Devirtualize UTF8 with a specialized text converter by bbowyersmyth · Pull Request #6016 · npgsql/npgsql

bbowyersmyth · 2025-02-08T22:10:09Z

Encoding.UTF8 actually returns a UTF8EncodingSealed object (https://github.com/dotnet/runtime/blob/main/src/libraries/System.Private.CoreLib/src/System/Text/UTF8Encoding.Sealed.cs) that allows for the functions to be devirtualized if accessed via that static.

Npgsql is creating its own UTF8Encoding objects that don't allow for this specialization.

Using a custom UTF8Encoding and a specific TextConverter when that encoding is in use allows greater performance. I did not see much performance differences with the rest of the stack allocations in UTF8EncodingSealed.

Before

Method	Value	Mean	Error	StdDev	Op/s	Gen0	Allocated
Read	x	24.72 ns	0.098 ns	0.087 ns	40,449,395.2	0.0023	24 B
Write	x	NA	NA	NA	NA	NA	NA
Read	xxxxxxxxxx	26.19 ns	0.078 ns	0.069 ns	38,187,844.1	0.0046	48 B
Write	xxxxxxxxxx	18.96 ns	0.027 ns	0.024 ns	52,748,503.0	0.0000	-
Read	xxxx(...)xxxx [100]	35.01 ns	0.649 ns	0.575 ns	28,564,979.3	0.0214	224 B
Write	xxxx(...)xxxx [100]	24.38 ns	0.071 ns	0.059 ns	41,019,998.9	0.0005	5 B
Read	xxxx(...)xxxx [1000]	107.83 ns	0.627 ns	0.556 ns	9,273,447.3	0.1935	2024 B
Write	xxxx(...)xxxx [1000]	71.47 ns	0.165 ns	0.147 ns	13,992,508.8	0.0051	54 B

After

Method	Value	Mean	Error	StdDev	Op/s	Gen0	Allocated
Read	x	18.88 ns	0.161 ns	0.135 ns	52,956,082.8	0.0023	24 B
Write	x	NA	NA	NA	NA	NA	NA
Read	xxxxxxxxxx	20.33 ns	0.093 ns	0.078 ns	49,191,801.5	0.0046	48 B
Write	xxxxxxxxxx	18.83 ns	0.019 ns	0.015 ns	53,103,167.5	0.0000	-
Read	xxxx(...)xxxx [100]	27.33 ns	0.091 ns	0.085 ns	36,587,970.4	0.0214	224 B
Write	xxxx(...)xxxx [100]	21.84 ns	0.028 ns	0.023 ns	45,783,841.6	0.0005	5 B
Read	xxxx(...)xxxx [1000]	98.62 ns	0.773 ns	0.723 ns	10,139,873.0	0.1935	2024 B
Write	xxxx(...)xxxx [1000]	67.47 ns	0.227 ns	0.201 ns	14,822,340.7	0.0051	54 B

bbowyersmyth · 2025-02-08T22:14:56Z

@NinoFloris is this a change you would be interested in? I know there is some desire for small AOT size.

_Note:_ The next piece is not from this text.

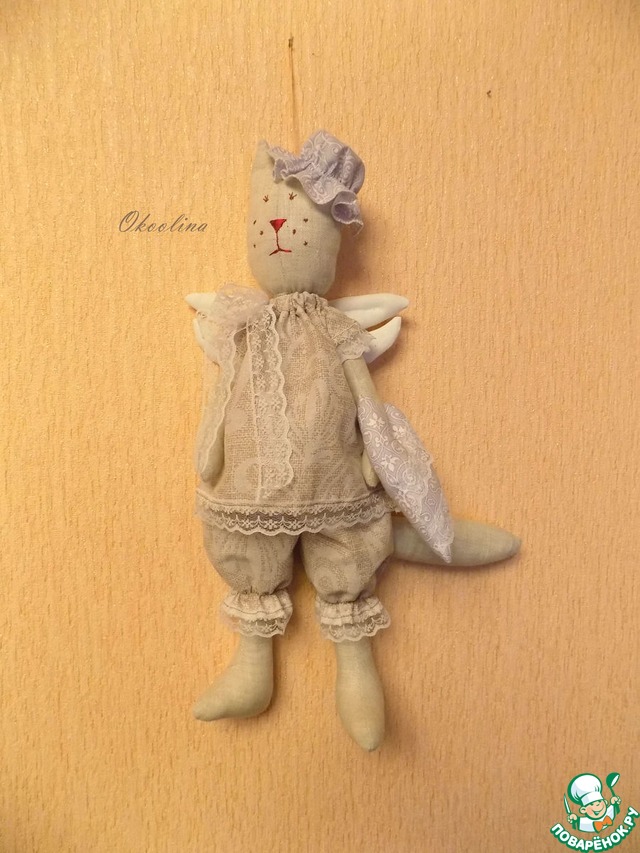 А это Кошка-сплюшка. Сонный Ангел. Я сшила кота, у меня его забрали и попросили кошку ему сшить. Вот такая кошка получилась. Со всеми аксессуарами: крылышками, пижамой и конечно же -подушкой-сердечком.

NinoFloris · 2025-02-08T22:29:52Z

Clever observation! Maybe we can devirtualize inside Read and Write? We would add a branch if (Encoding.UTF8 == encoding) but won't need the extra converter and so on.

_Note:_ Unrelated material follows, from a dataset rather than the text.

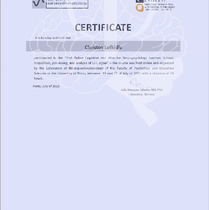 2nd Online Cognitive and Affective Neurophysiology Summer School: Acquisition, processing, and analysis of EEG signal” I 19-22/7/21 I Total of 16 hours

NinoFloris · 2025-02-08T23:24:26Z

Ah I missed the fact Npgsql actually defines its own UTF8Encoding instance as well. Since we don't call GetPreamble anywhere we can just use Encoding.UTF8 for NpgsqlWriteBuffer.UTF8Encoding. However we still need to use Encoding.UTF8 directly in the converter for the JIT to see it's of type UTF8EncodingSealed.

EDIT:
I recall I did a similar optimization in https://github.com/npgsql/npgsql/blob/main/src/Npgsql/Internal/Converters/JsonConverter.cs#L122-L131 (which should also ideally not depend on CodePage but a straight reference equality to Encoding.UTF8)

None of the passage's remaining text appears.